In determining whether reasonable suspicion exists, the court must look at the

"totality of the circumstances" of each case to see whether the detaining officer had a "particularized and objective basis" for suspecting legal wrongdoing. This process allows officers to draw on their own experiences and specialized training to make inferences from and deductions about the cumulative information available to them that might well elude an untrained person.
United States v. Arvizu, 534 U.S. 266, 273 (2002) (quoting United States v. Cortez, 449 U.S. 411, 417-418 (1981)). In this case, the Memphis Police Department had received an "armed person" call for a specific location. Based on the information provided, Officer Herring was looking for a male standing outside the door of 233 Decatur #C. When he arrived within minutes of the call, he observed Turner beating on the door of 233 Decatur #C. It was 2:00 in the morning. As Officer Herring approached, Turner walked away upstairs. Officer Herring was able to verify that a woman was inside the apartment and was frightened. Officer Herring could not tell if Turner had a gun because Turner had his right hand in his pocket. When Officer Herring followed Turner and approached him upstairs to question him, Turner pushed Officer Herring and then jumped off the balcony and fled. The phone call from the complainant, Turner's presence at the door of 233 Decatur #C at 2:00 a.m., the woman frightened inside the apartment, Turner's hand in his pocket, the push of Officer Herring, Turner's jumping off the balcony, and Turner's flight, all combined under the totality of the circumstances to give Officer Herring reasonable, articulable suspicion that criminal activity was afoot.

Turner relies heavily on Florida v.

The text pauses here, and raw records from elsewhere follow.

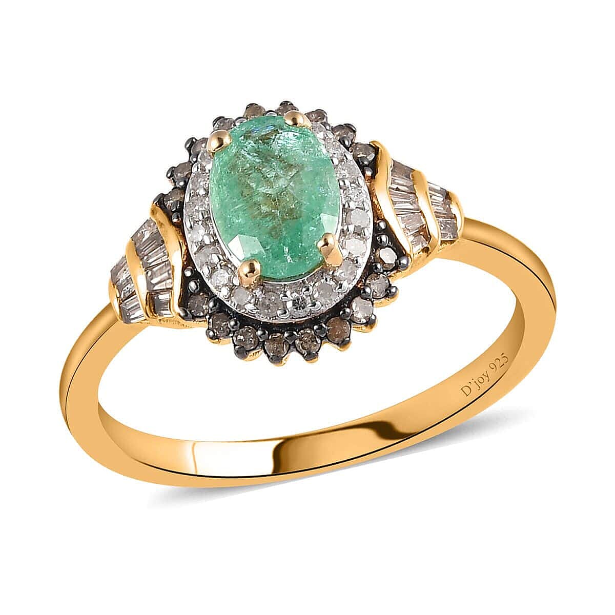 Ethiopian Emerald, Natural Champagne and White Diamond Cocktail Ring in Vermeil Yellow Gold Over Sterling Silver (Size 6.0) 1.20 ctw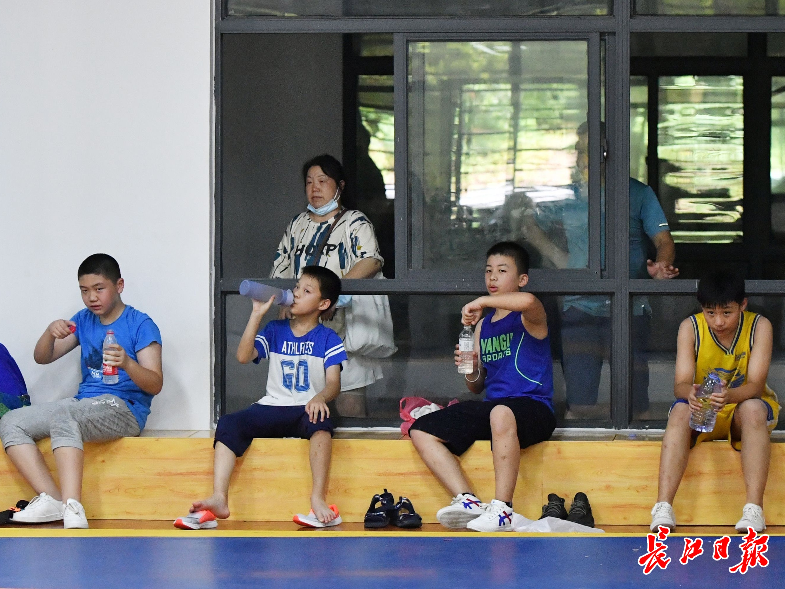 训练间隙孩子们在喝水休息。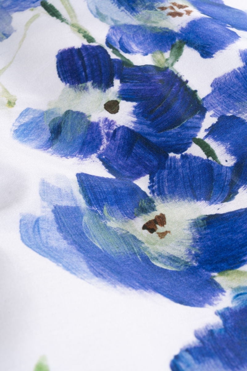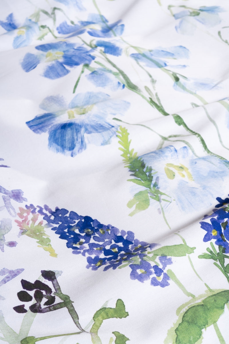 De detaljerede blomster i blå, lilla og grønne nuancer står flot mod den lyse bund og tilfører både liv og dybde – uden at virke for voldsomt. Udtrykket er let, luftigt og inspireret af vilde blomsterenge, hvilket giver en afslappende og harmonisk atmosfære.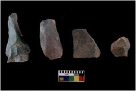 | Description / विवरण | There are n 4 cores; there are multidirectional irregular scar pattern on them. The flake scars are seen on all sides. |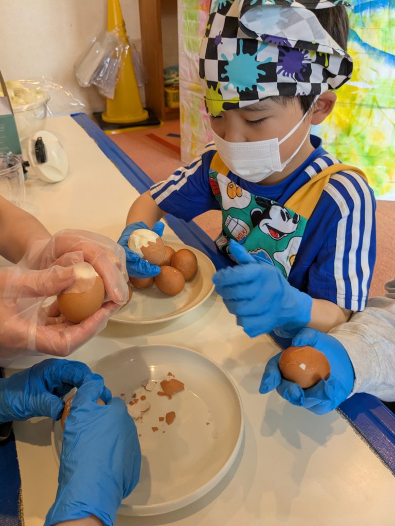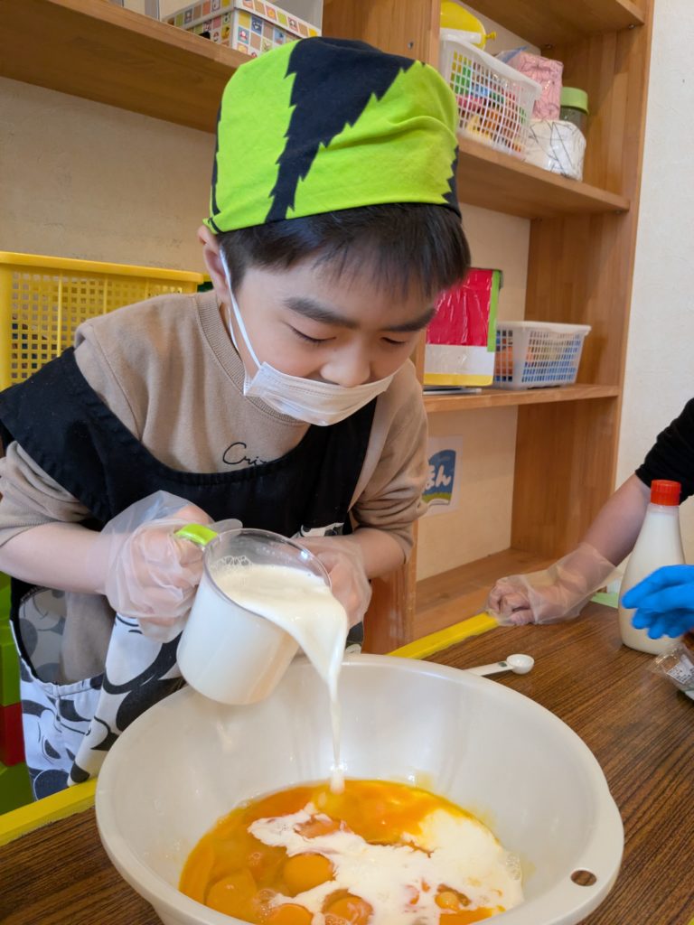 2日の活動の様子です🥚どんな料理❓説明を聞きながら丁寧に作ってくれました🩷焼きあがるまでちょっと待ってねっ・・・🌞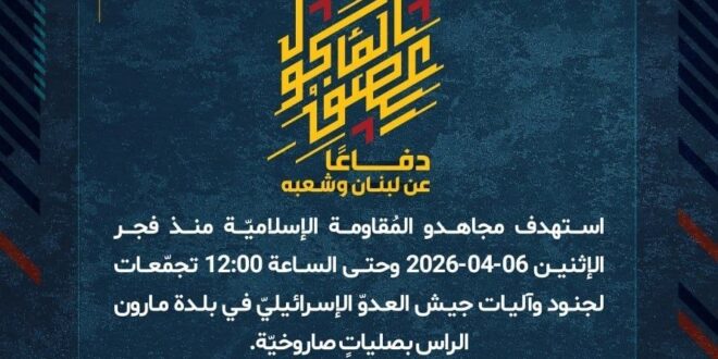 دفاعًا عن لبنان وشعبه، استهدف مجاهدو المُقاومة الإسلاميّة منذ فجر الإثنين 06-04-2026 وحتى الساعة 12:00 تجمّعات لجنود وآليات جيش العدوّ الإسرائيليّ في بلدة مارون الراس بصلياتٍ صاروخيّة.
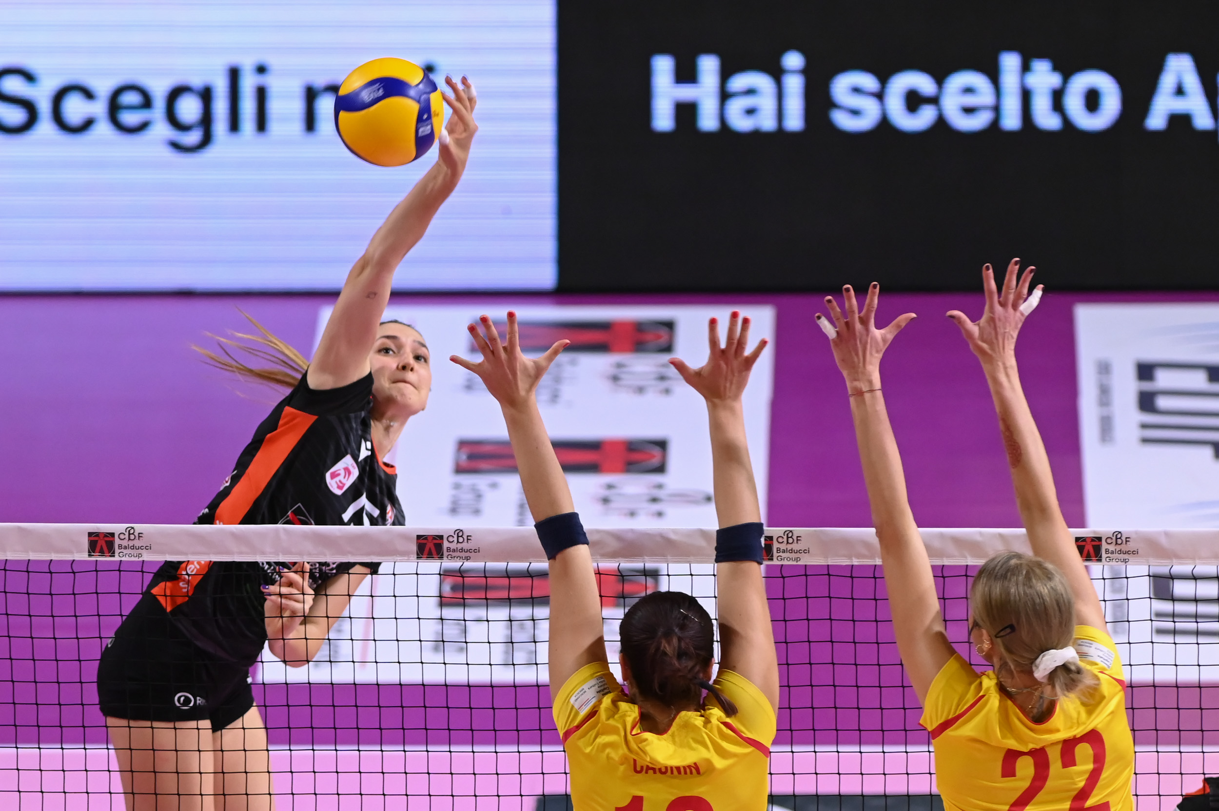 Coach Paniconi (Lipska out) parte ancora con Ricci in palleggio, Malik opposta, al centro Cosi-Molinaro, Abbott-Fiesoli in banda, Fiori libero. Napodano è in panchina come schiacciatrice, in rosa anche le giovanissime Luciani e Piccotti. Per coach Micoli all’inizio in campo Gennari-Lorrayna, Stufi-Butigan, May-Cagnin, Cecchetto libero.

J.L., 529 U.S. 266 (2000), in support of his position that Officer Herring did not have any reasonable, articulable suspicion to detain him and question him. J.L. involved an anonymous tip. The anonymous caller informed the police that a young black man standing at a particular bus stop, wearing a plaid shirt, was carrying a gun. Officers went to the bus stop, identified the person, frisked him, and arrested him. Other than the tip, the officers had no reason to suspect J.L. of illegal conduct. The officers did not observe any unusual movements or see a firearm.

Here, in sharp contrast to J.L., when the officers arrived at the scene, they did observe unusual movements. They observed Turner push an officer, jump off a balcony at 2:00 a.m., and flee. This activity provided sufficient basis for the officers to reasonably suspect criminal activity and to detain Turner for further questioning. The officers had reason to suspect Turner was not a neighbor offering assistance to the frightened woman in the apartment.

In addition, although there was no proof presented that the complainant in the instant case gave her name, she did give her home address, thus enabling the police to identify her and verify the complaint. Because the police could locate her by her apartment address, she could ultimately be held accountable if she gave false information to the police.

During the struggle to apprehend Turner, the gun in question fell to the ground. There was no proof that the officers searched Turner's person. Thus, Turner's arguments concerning an improper search are without merit.

After the officers detained Turner to question him, they immediately ran a "wants and warrants" search and discovered two outstanding warrants on Turner. The outstanding warrants provided probable cause to arrest Turner.

CONCLUSION

For the foregoing reasons, it is recommended that Turner's motion to suppress should be denied.

Respectfully submitted this 30th day of June, 2003.

NOTICE

ANY OBJECTIONS OR EXCEPTIONS TO THIS REPORT MUST BE FILED WITHIN TEN (10) DAYS AFTER BEING SERVED WITH A COPY OF THE REPORT. 28 U.S.C. § 636 (b)(1)(C). FAILURE TO FILE THEM WITHIN TEN (10) DAYS MAY CONSTITUTE A WAIVER OF OBJECTIONS, EXCEPTIONS, AND FURTHER APPEAL.

ANY PARTY OBJECTING TO THIS REPORT MUST MAKE ARRANGEMENTS FOR A TRANSCRIPT OF THE HEARING TO BE PREPARED.